United States Court of International Trade.

Feb. 11, 2013.

*1338Irene H. Chen, Chen Law Group LLC, of Rockville, MD, and Mark B. Lehnardt, Lehnardt & Lehnardt, LLC, of Liberty, MO, for Thai Plastic Bags Industries, Co., Ltd.

Joseph W. Dorn, Stephen A. Jones, and Daniel L. Schneiderman, King & Spalding LLP, of Washington, DC, for Polyethylene Retail Carrier Bag Committee, Hilex Poly Co., LLC, and Superbag Corporation.

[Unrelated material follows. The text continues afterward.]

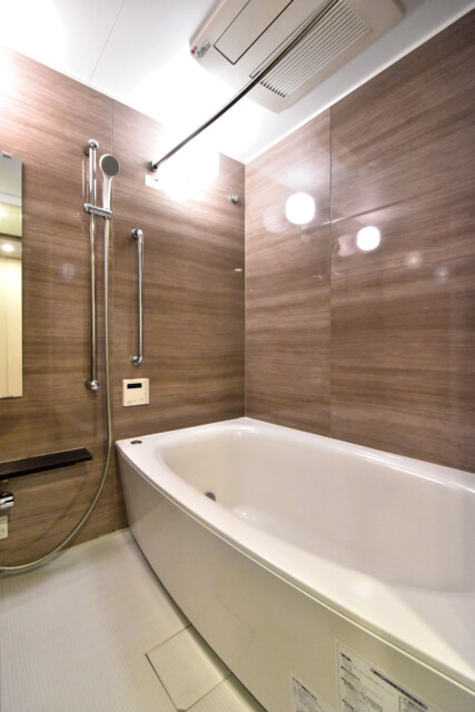 1418サイズの浴室は、ダークブラウンの木目パネルを使用し高級感もたっぷり。ゆったりとした空間でリラックスしたバスタイムを過ごせそうですね♬

Vincent D. Phillips and Ryan M. Majerus, Trial Attorneys, Commercial Litigation Branch, Civil Division, U.S. Department of Justice, of Washington, DC, for Defendant. Also on the brief were Stuart F. Delery, Acting Assistant Attorney General, Jeanne E. Davidson, Director, and Patricia M. McCarthy, Assistant Director. Of counsel on the brief was Scott D. McBride, Senior Attorney, Office of the Chief Counsel for Import Administration, U.S. Department of Commerce, of Washington, DC.

OPINION

POGUE, Chief Judge:

Before the court is a determination by the United States Department of Commerce (“Commerce”) in response to a previously ordered remand.1 In prior proceedings, the court granted Commerce’s request for a voluntary remand on two grounds: 1) to allow Commerce to provide additional explanation for its decision to assign a dumping margin of zero to all U.S. sales where export price was greater than normal value (referred to as “zeroing”) when calculating respondents’ weighted-average dumping margins during the antidumping duty review at issue; and 2) to allow Commerce to consider the parties’ comments and to review Commerce’s application of the “transactions disregarded” cost adjustment when constructing a normal value in this review. Thai Plastic Bags I, — CIT at -, 853 F.Supp.2d at 1277-79.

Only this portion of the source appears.